Он саркастически усмехнулся, внезапно взял мою руку в свои и столь же внезапно отпустил ее.
– Если бы я мог это сделать, глупышка, так в чем бы заключалась опасность? О ней и помину бы не было. С тех самых пор, как я познакомился с Мейсоном, мне достаточно было сказать «сделай то-то или то-то», и все тут же исполнялось. Однако в этом случае я не могу отдавать ему распоряжения. Не могу сказать: «Остерегись причинить мне вред, Ричард!» Ибо важнее всего тут – держать его в неведении, какой вред может быть мне причинен. Вы кажетесь озадаченной. А я озадачу вас еще больше. Вы ведь мой дружок, правда?
– Мне нравится служить вам, сэр, и подчиняться вам во всем достойном.
– Вот именно. Я вижу это. Вижу искреннее удовольствие в вашей походке и выражении, в ваших глазах и лице, когда вы помогаете мне и угождаете, когда работаете для меня и со мной во всем – как вы столь похоже на вас выразились – во всем достойном. Ведь попроси я вас сделать то, что вы полагаете дурным, не было бы ни легкости в бегущих шагах, ни торопливости и аккуратности в исполнении, ни радости в глазах, ни румянца оживления.
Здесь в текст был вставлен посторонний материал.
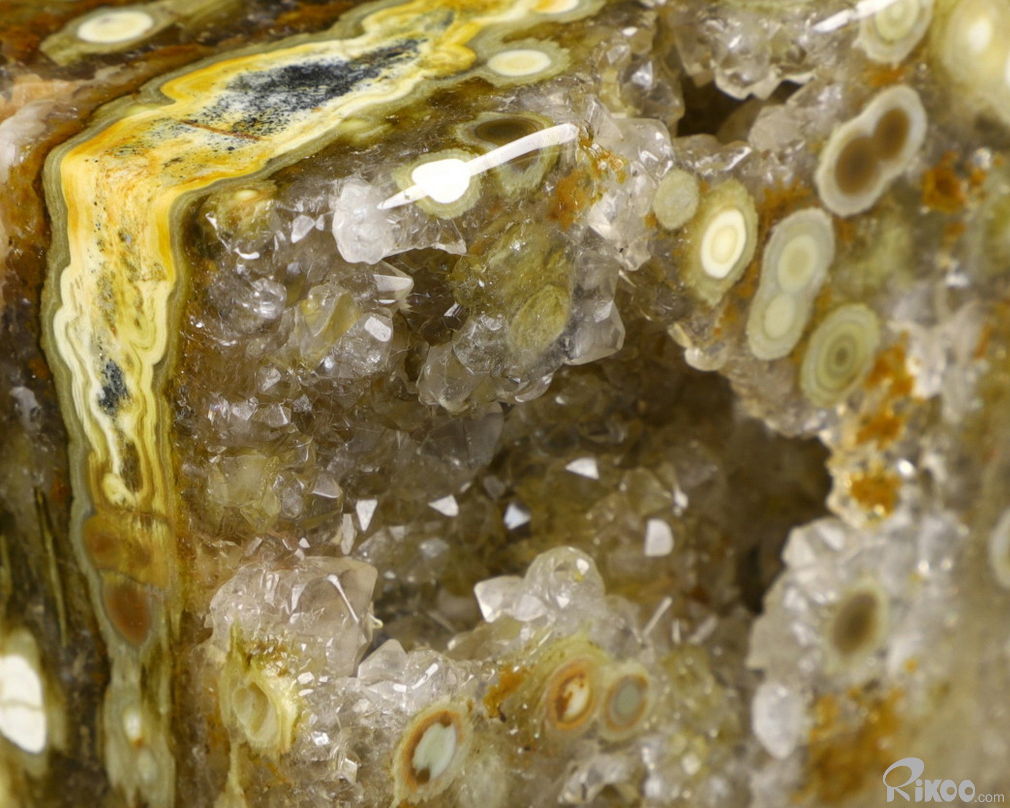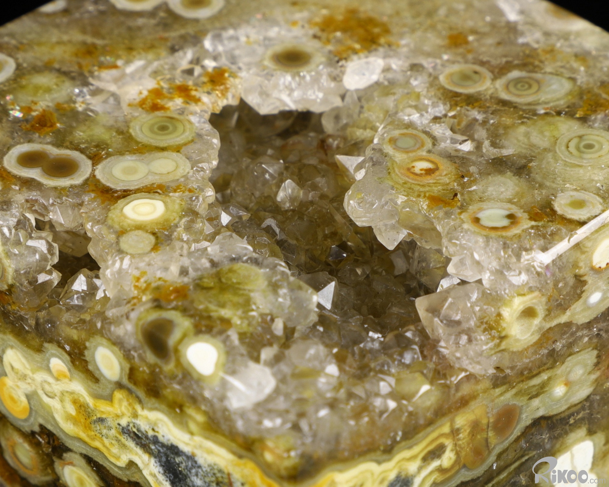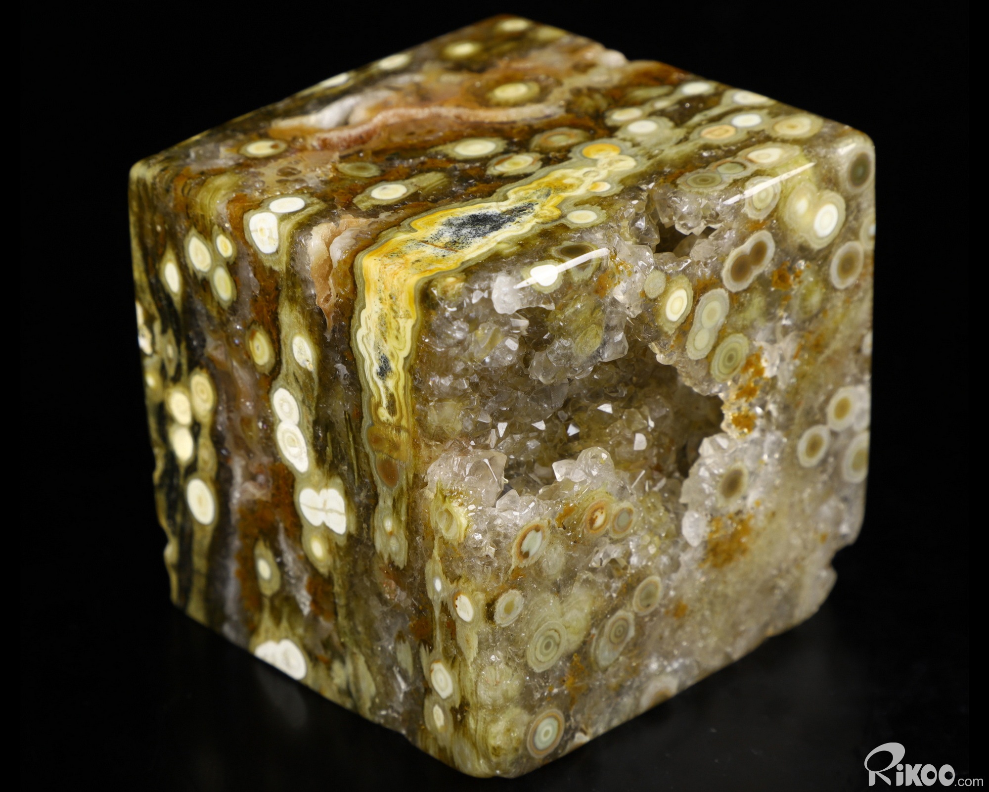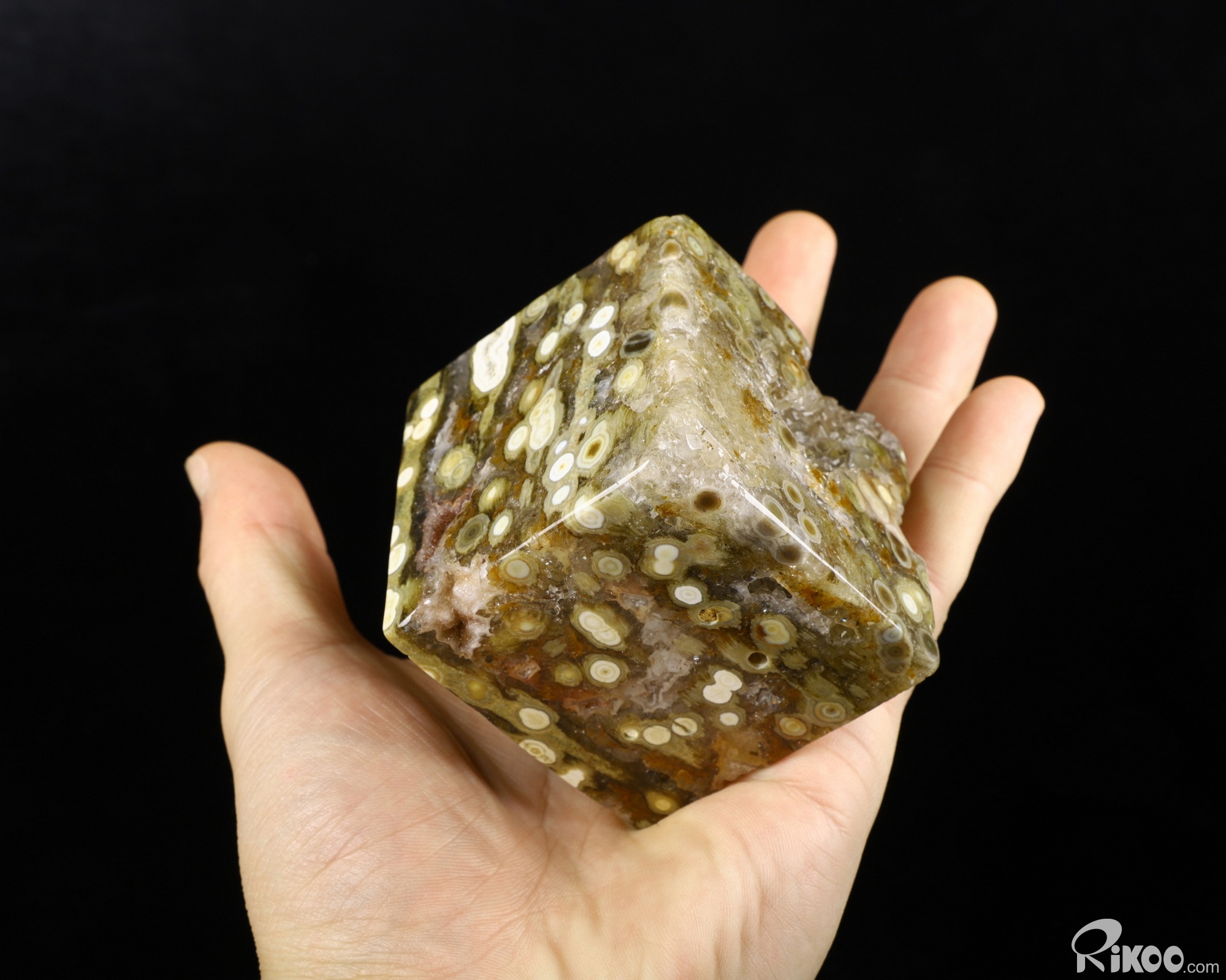 Another exceptional quality of Ocean Jasper is translucency. Many specimens are opaque and still very beautiful while others, when held in front of a strong light source, display what can only be described as another world! When viewed in front of a bright light the translucent, clear, or just foggy background illuminates and displays the contrasting solid perfect circles –the orbs- which then reveal exactly why Ocean Jasper is sometimes called "Fish Eye Jasper". These solid, soft looking spheres appear suspended in the illuminated quartz, and they can make one tempted to reach in and try to touch them!

Мой дружок тогда бы повернулся ко мне, притихший, бледный, и сказал бы: «Нет, сэр, это невозможно, я не могу, так как это дурно». И остался бы непоколебим, как звезда в небесной тверди. Что же, и у вас есть власть надо мной, и вы можете причинить мне боль, и все же я не смею показать вам, где я уязвим, из опасения, что вы, как ни расположены ко мне, как ни верны, тут же отшатнетесь от меня.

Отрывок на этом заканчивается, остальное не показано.